Anemia is one of the most pressing public health issues in the world with iron deficiency a major public health issue worldwide. The highest prevalence of anemia is in developing countries. The complete blood count is a blood test used to diagnose the prevalence of anemia. While earlier studies have framed the problem of diagnosis as a binary classification problem, this paper frames it as a multi class (three classes) classification problem with mild, moderate and severe classes. The three classes for the anemia classification (mild, moderate, severe) are so chosen as the world health organization (WHO) guidelines formalize this categorization based on the Haemoglobin (HGB) values of the chosen sample of patients in the Complete Blood Count (CBC) patient data set. Complete blood count test data was collected in an outpatient clinical setting in India. We used Feature selection with Majority voting to identify the key attributes in the input patient data set. In addition, since the original data set was imbalanced we used Synthetic Minority Oversampling Technique (SMOTE) to balance the data set.

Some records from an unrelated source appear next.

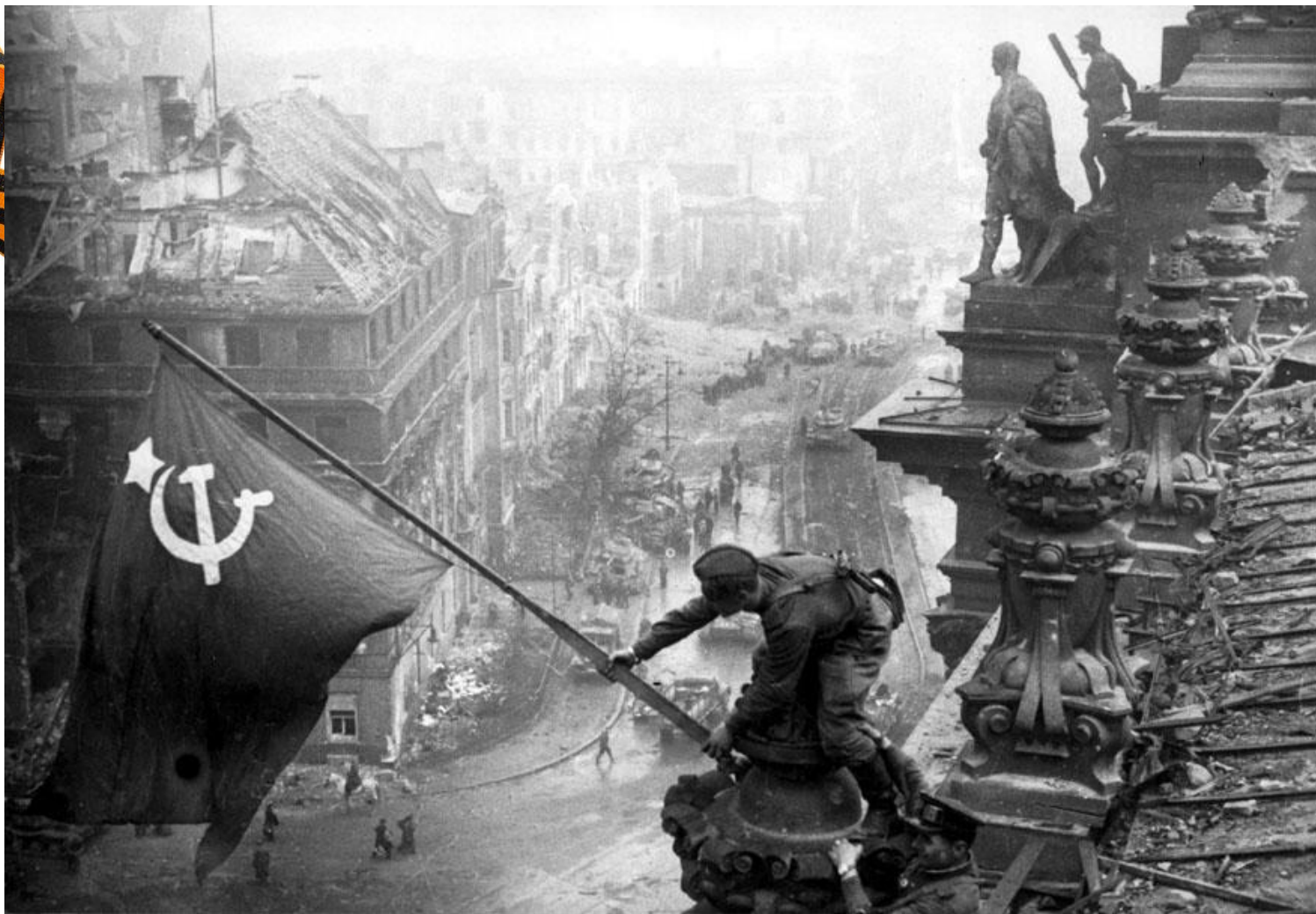
Фотография Е. Халдея «Знамя победы над Рейхстагом»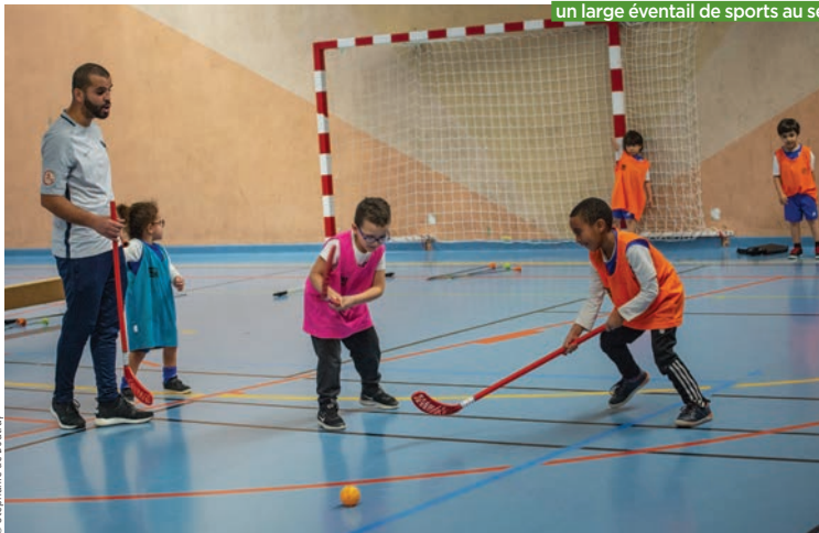
Enfants, ados, adultes et seniors : le service municipal des sports propose un large éventail de sports au sein de ses nombreuses installations.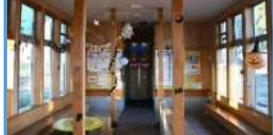
駅コミュニティ施設(羽前長崎駅)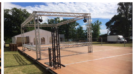
PLANCHER BOIS VITRIFIÉ (sur trame métallique, posé, déposé) avec structure / sans structure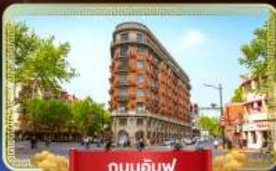
ถนนอันฟู่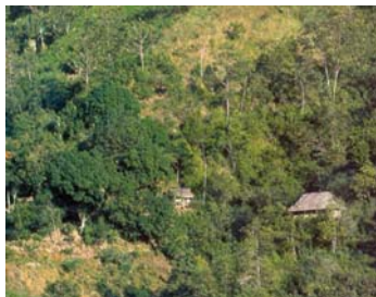
Región de Huancabamba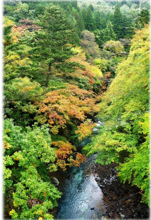
前山歩道「四季の里橋」より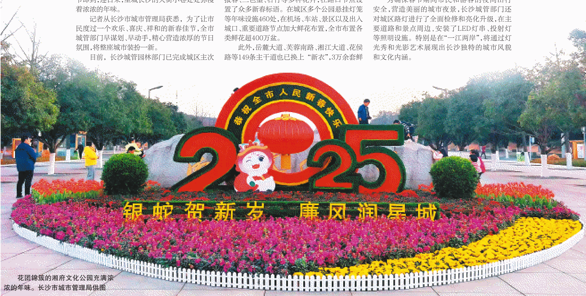
花团锦簇的湘府文化公园充满浓浓的年味。

为确保春节期间市民和游客的夜间出行安全,营造美丽的城市夜景,长沙城管部门还对城区路灯进行了全面检修和亮化升级,在主要道路和景点周边,安装了LED灯串、投射灯等照明设施。特别是在“两江两岸”,将通过灯光秀和光影艺术展现出长沙独特的城市风貌和文化内涵。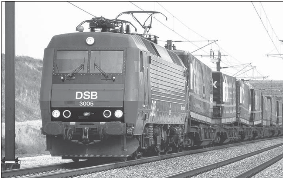
Lad os stå sammen mod nye jernbanespor i vores baghave.

Samtidig skal S-togssporet opgraderes, så man kan pendle fra Køge og Solrød på 20-25 minutter, så den kollektive trafik for alvor bliver attraktiv. Dette er løsninger, der ikke giver mere støj, mere forurening og flere spildte timer i køer og forsinkelser, som indtænker hele samfundets udvikling i planlægningen af fremtidens infrastruktur. Heroverfor står hovsa-politikken, hvor man starter med at sige, hvilken investering man gerne vil have, og derefter finder begrundelsen for den.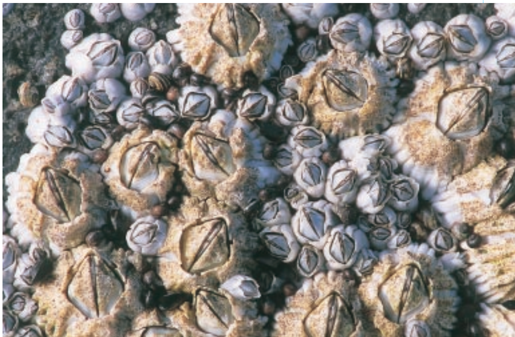
Zeepokken groeien dicht opeen in de middelste zone van het strandhoofd. Bij het uitglijden kunnen ze pijnlijk geschaafde knieën en handen veroorzaken (MD)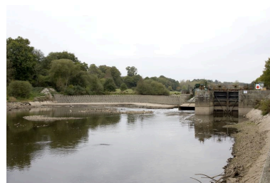
Vue d'ensemble du site d'écluse depuis la rive gauche en aval pendant les écoures de 2009 : barrage, centrale hydroélectrique, écluse.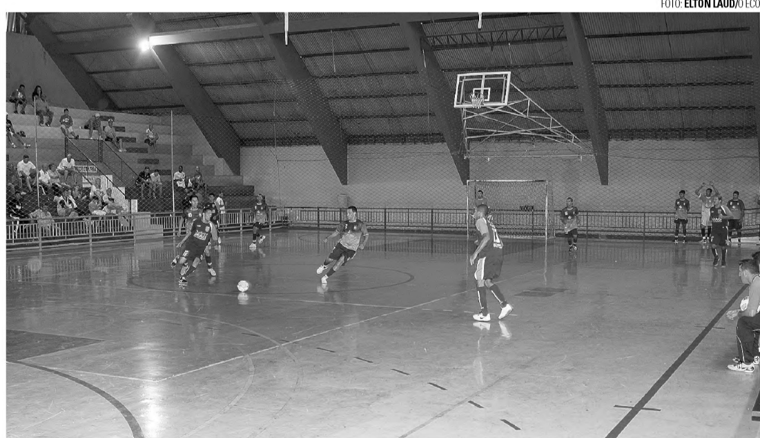
OSSO DURO - Democratas (calção e camisa escuros), atual campeão, está entre os grandes favoritos ao título

O atual campeão da competição é o Democratas, que na decisão do ano passado derrotou Borebi por 4 a 2.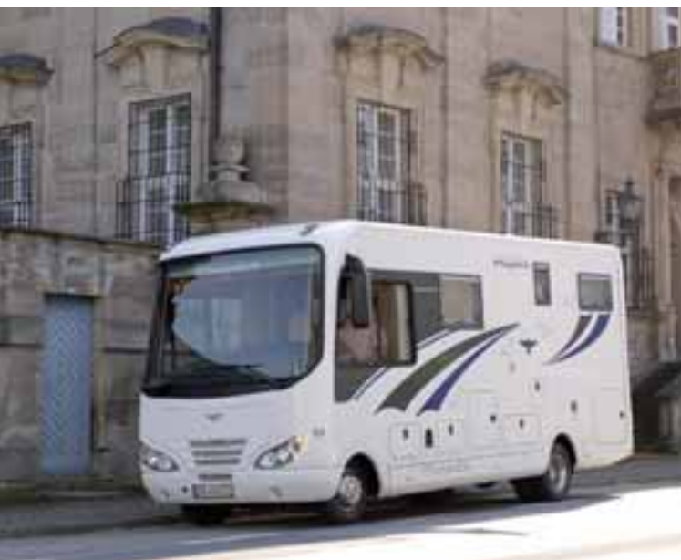
■ Die Phoenix Liner der Serie 7000 kommen mit neuen Grundrissvarianten in die neue Saison.

Der Aschbacher Hersteller Phoenix hat seine Reisemobile mit Smartgarage auf Basis des MAN

Four data sets including the original data set were used to perform the data experiments. Six standard machine learning algorithms were utilised to test our four data sets, performing multi class classification. Benchmarking these algorithms was performed and tabulated using both10 fold cross validation and hold out methods. The experimental results indicated that multilayer perceptron network was predominantly giving good recall values across mild and moderate class which are early and middle stages of the disease. With a good prediction model at early stages, medical intervention can provide preventive measure from further deterioration into severe stage or recommend the use of supplements to overcome this problem.

Suggested Citation

  • Rajan Vohra & Abir Hussain & Anil Kumar Dudyala & Jankisharan Pahareeya & Wasiq Khan, 2022. "Multi-class classification algorithms for the diagnosis of anemia in an outpatient clinical setting," PLOS ONE, Public Library of Science, vol. 17(7), pages 1-18, July.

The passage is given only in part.